— Зачем же Бог-от принёс тебя, сударика, к нам? Видно, дело важнеющее? — настаивала она.
Елизар мгновенно смекнул, куда направить нить повествования, чтобы усыпить недоверчивость.
— Чего спрашиваешь ещё! — пропуская проворно чару вишнёвки, ответил как бы неохотно приезжий. — Ужель, живя ближе нас, грешных, к Москве, не ведаешь, что там деется на нашу помещичью беду и сущее разорение? — докончил Елизар, пропустив другую чару.
— Да ты толком говори, — спросила Лукерья, прикинувшись непонимающею и словно ничего не знающею, дав знак глазами верному своему посыльщику Гаврюшке удалиться. В эту минуту помещице захотелось словами брата проверить доклад своего хожака по делам.
— Нече тебе, Лукерья, дуру строить, — оставшись наедине с сестрою, начал Елизар. — Гаврюшку твоего видал я сам во Владимире, значит, сама ведаешь, про что посылала… Нас пытать нече… Тем паче в таки времена… Стар становлюсь… На мировую приехал… Недоверие, значит, всякое отложи и толком поговорим… Хочу тебе, сердечной, помочь от наших достатков, — и он глазами показал в ту сторону, где положили его дорожную кису с подголовком [9] почтённых размеров.

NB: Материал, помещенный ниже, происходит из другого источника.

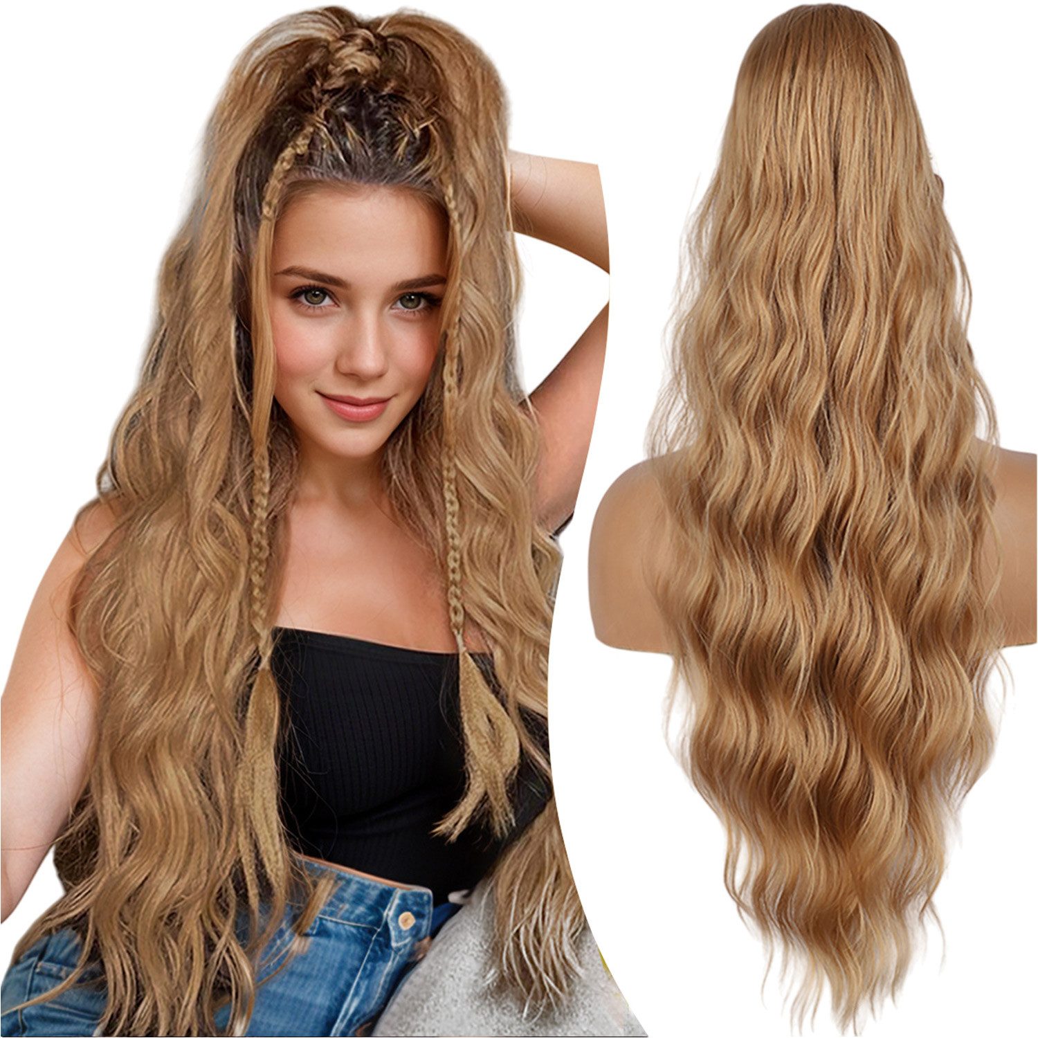 Perücke Damen, Perücke Fasching Damen, Pferdeschwanz Haarteil mit Kordelzug, Haarverlängerung Zopf Extension, Haarteile Für Dünnes Haar, Blonde Perücke Lang

Подголовок был громоздок и нескладен, но достаточен для вмещения ценных вещей, которых не оставляли в те поры помещики без своего глаза в усадьбах. Неровен час — можно было и ничего не найти при возвращении.

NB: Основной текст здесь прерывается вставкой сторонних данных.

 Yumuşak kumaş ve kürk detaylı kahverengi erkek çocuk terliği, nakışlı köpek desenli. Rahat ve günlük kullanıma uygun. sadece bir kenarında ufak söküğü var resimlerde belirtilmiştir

Сестра вздохом одним поспешила заявить мнимую свою вдовью бедность, и на лице её вместо любопытства выразилась малоидущая к её обычно строгому выражению нежность. Как видно, и брат и сестра хотя и были доморощенные артисты по части мимики, но могли за пояс заткнуть любого комического актёра ex professo [10]. Здесь умудряла чад своих сама мать-природа, для своей собственной потехи вложив в них призванье к игре в свете. Желание перехитрить себе подобного было всегда в ходу в московском обществе, а тем более в последние годы московского царства перед эпохою преобразований. Утончённость мошенничества доведена была до nec plus ultra [11], а художники в этом роде, — к сожалению, принадлежащие к семье непризнанных гениев, — всё ещё были недовольны собою и из любви к искусству, так сказать, практиковались при всяком случае, не выключая и свиданий с родными. Елизар Демьяныч, век свой слывший кулаком, — а у недругов даже заведомо истым мошенником, — никак не ожидал встретить соперницу в сестре, при первом же свидании озадачившей его своими вопросами и видом полнейшего неведения. Слова его, сказанные напрямик, возымели, однако, своё действие. Но как знать, не было ли и продолжение родственной беседы мастерскою игрой помещицы, гениально отгадавшей тон, которого держаться следует: выказывать откровенность, душу нараспашку, коли уж братец заявил, что желает помочь?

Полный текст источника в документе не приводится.